二人をからかえて、満足したおれは、笑顔で試合の様子を見ることにした。
◇◆◇
「…遅くないか」
「何が?」
秀が隣でそわそわしていた。おれは、わかっていながら聞き返す。
「片桐さんだよ」
「確かにトイレにしては長いね」
彼女よりも遅くトイレに行ってきた女子部員は、とうに席に戻っている。
なぜ、そんなことを知ってるかって?そりゃ、トイレの帰りに秀に差し入れとしてパックジュースを買ってきて渡していたからな。一応、おれにもあったけど、本命は秀だからね。

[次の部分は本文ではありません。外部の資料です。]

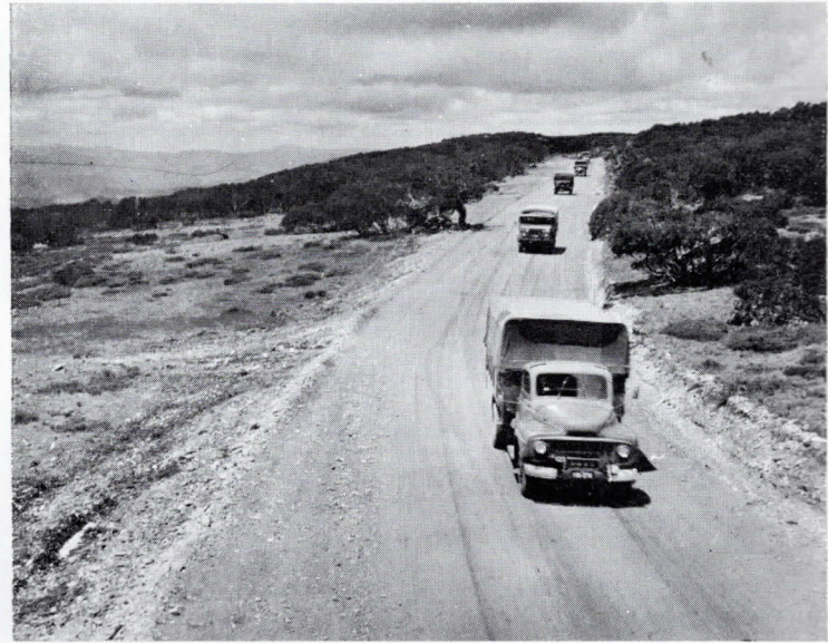
A section of the Jamieson-Licola road.

When the winter of 1969 forced cessation of construction activities the road had been completed except for the erection of road signs, erosion control and other minor works. In the spring of 1969 the Board was able to complete the outstanding work and open the link road to traffic.
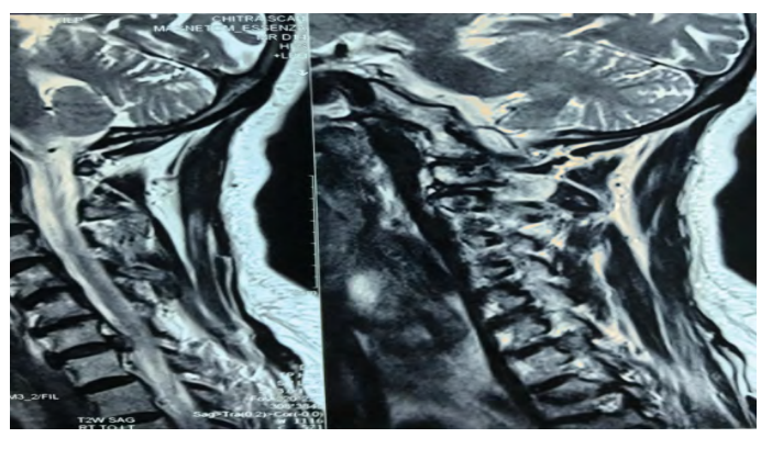
Figure 1. Resonance Imaging (MRI) having unilateral cervical foraminal stenosis or unilateral postero-lateral soft disc herniation.

Visual Analogue Scale (VAS) score was used for radicular pain to evaluate clinical outcomes. Plain cervical radiographs were performed before surgery, after surgery and at the time of final follow-up to asses spinal instability and
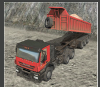
Machine dynamics faithfully reproduced to give maximum realism

With mining equipment becoming increasingly technically sophisticated, the level of information, experience and organizational competencies required to accurately simulate these machines also increases. Through Immersive Technologies' industry experience, you can be assured your training solution will be the only accurate and true representation of the real machine available.
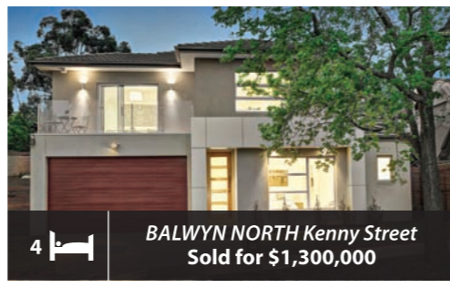
4 BALWYN NORTH Kenny Street Sold for $1,300,000

試合に飽きて、他のところに行っているのかと思ったが、キラキラと目を輝かせて試合を見ていた彼女が、そんなことをするとは思えなかった。
「他の場所で見ている可能性は?」
「…ないと思う。連絡も着ていないし…」
携帯をいじりながら、秀がいらいらと貧乏ゆすりをしている。今日はもう出番がないとはいえ、うちのエースの精神をぐらつかせておくのはよくない。明日以降の試合に影響がでたらやばいしね。
「探しに行こうか。迷ってるかもしれないしね」
「あぁ」
探しに行きたくてうずうずしていたのだろう。力強く秀が答える。おれは部長に断りを入れに行き、秀の後を追った。おい、置いてくなよ。

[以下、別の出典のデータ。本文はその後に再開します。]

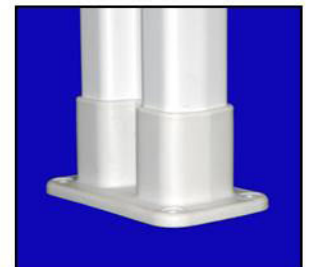
ADJUSTABLE DECK FLANGES FOR IN-POOL
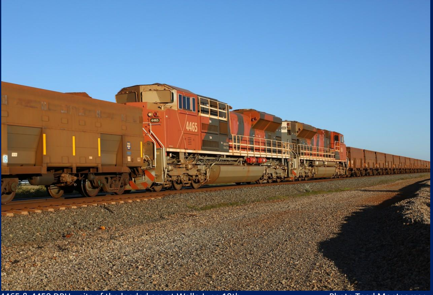
4465 & 4450 DPU units of the loaded ore at Walla June 19th.
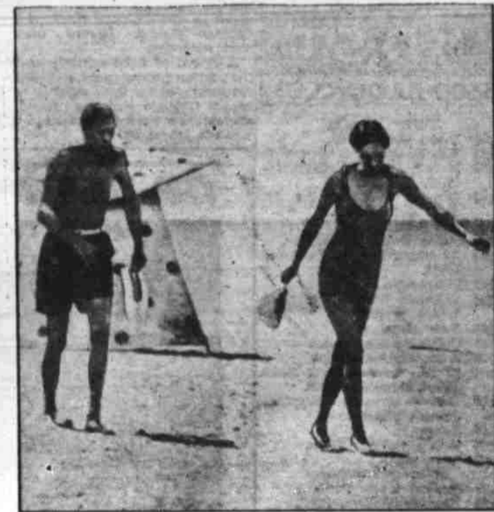
Reports that the Duke of Windsor will wed Mrs. Wallis Simpson May 2 caused fear throughout the British empire that their romance would overshadow the coronation of his brother-successor just 10 days later. Edward and Mrs. Simpson are shown on the beach at Biarritz in the summer of 1934 in this previously unpublished picture.
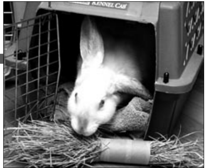
Have extra hay, pellets and bottled water on hand.

Once you have your emergency kit assembled and your evacuation plan arranged your work is only half done. The other half of emergency preparedness is to practice your plan and make sure your plan and
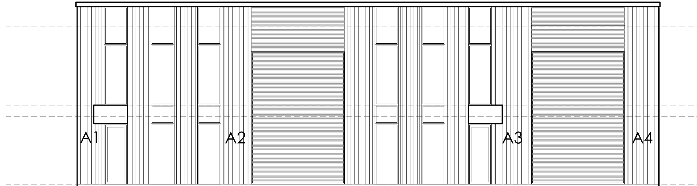
Block 'A' & 'D' Front Elevation
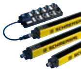
Safety light curtains SLC
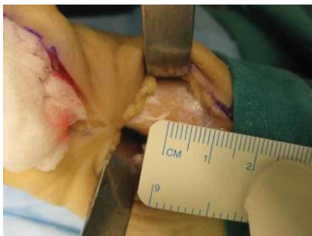
Fig. 5. The osteotomy is situated about 1–1.5 cm proximal to metatarsal-cuneiform joint.

Following osteotomy, the medial capsule is imbricated with vicryl No. 2 over the resected metatarsophalangeal
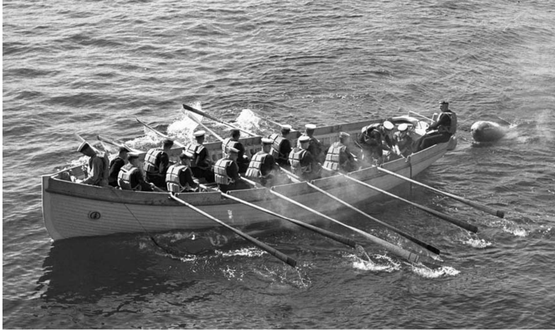
Figure 13 HMAS Sydney II – Cutter ( boat badge displayed on bow)
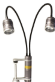
Lightning 1 part no 26800B-519
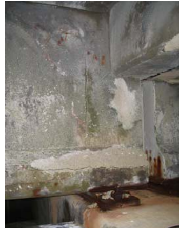
Span 176; East elevation
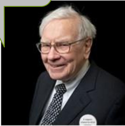
Buffett Wants To Be Your Mentor
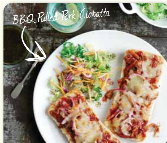
BBQ Pulled Pork Ciabatta

Why not add Spiral Fries for £1 or Chips for 50p?
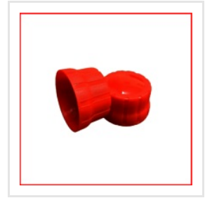
46 MM Fridge Bottle Cap
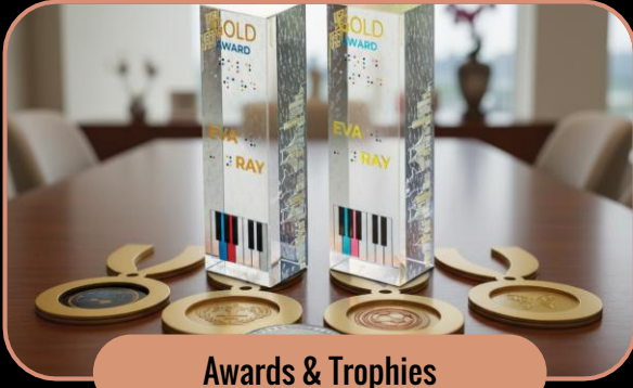
Awards & Trophies
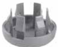
Part # KOK Series
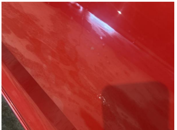
8: Door nsf Chipped 1 To 5

会場の外に出て、軽くあたりを見渡す。ほかの高校の選手が、アップやクールダウンしている。散歩をしている人たちや、子ども連れなんかもいた。
会場の外には3つのトイレがある。その中のどこに行ったかはわからない。全部しらみつぶしに探してもいいが、時間がおしい。ほかの学校の選手の試合を見るのも大事だから。
秀とおれは、周囲にいる通行人に片桐さんのことを聞いてみる。なんといっても1時間くらい前のことだから、見かけた人がいなくても仕方ないが。そう思ったが、予想外に簡単に見つかってしまった。ベンチで休んでいる人から、片桐さんらしき人を見かけたというのだ。変わった行動をしていたから、よく覚えていたとのことだ。
それによると、マスクをした怪しい男に追いかけられて、後ろを確認しながら走っていく様子を見たと。行先は、おそらく東側のトイレ。
思ったよりも異常事態に、お礼もそこそこに、おれと秀は顔を見合わせて走り出した。
片桐さんは胸は残念だけど、顔はそれなりに整っている。さらにどことなく無防備でかまいたくなる雰囲気をしている。考えすぎかもしれないが、変質者に襲われていても不思議には思えない。
トイレに着くが、そこには、誰もいなかった。さすがに、女子トイレの中に入るわけにはいかないが、人けが感じられない。
どうする?と秀に聞くと、手掛かりがないか確認するために周りを見てみるという。
まぁ、特に意見もなかったから、それに従い、トイレの周りを一周することにした。
すると、トイレの裏でとんでもない光景を目にすることになる。
片桐さんが知らない男にナイフを突きつけられ、震えながら泣いていたのだ。明らかに合意の上での行為ではない。さらに、男がナイフをしまってから、片桐さんのスカートへ手を入れようとしており。
「ふざけるな」
秀がそうぽつりと言うが早いか、走り出していた。
おいおいおい、ちょっと待て!
慌てておれは、男にドロップキックを決めていた。
なにせ、ナイフを持っている相手に、正面からケンカを売る度胸はおれにはない。かといって、このまま放置すれば、うちのエース様がけがをする可能性もある。
とにかく、秀が止まらないなら、おれがやるしかなかったのだ。
とっさの判断が功を制したのか、男はあっけなく倒れ、気絶していた。そりゃ、頭に一発決めたから、脳震盪でも起こしたのだろう。
秀は、変質者など見えていないかのように、片桐さんを抱きしめて、
「もう大丈夫だから」
と繰り返し囁く。震えていた片桐さんは、安心したのか、秀に体を預けるように気絶した。
うん、もうこれ、秀に落ちたんじゃね?いくら彼氏がいても、分が悪すぎるだろ。
丁寧に片桐さんを抱きしめる秀を横目に、おれは警察と顧問へ連絡した。
こんな危ない奴を放置するわけにはいかないからね。
警察が来るまでの間、秀はずっと片桐さんの側から離れなかった。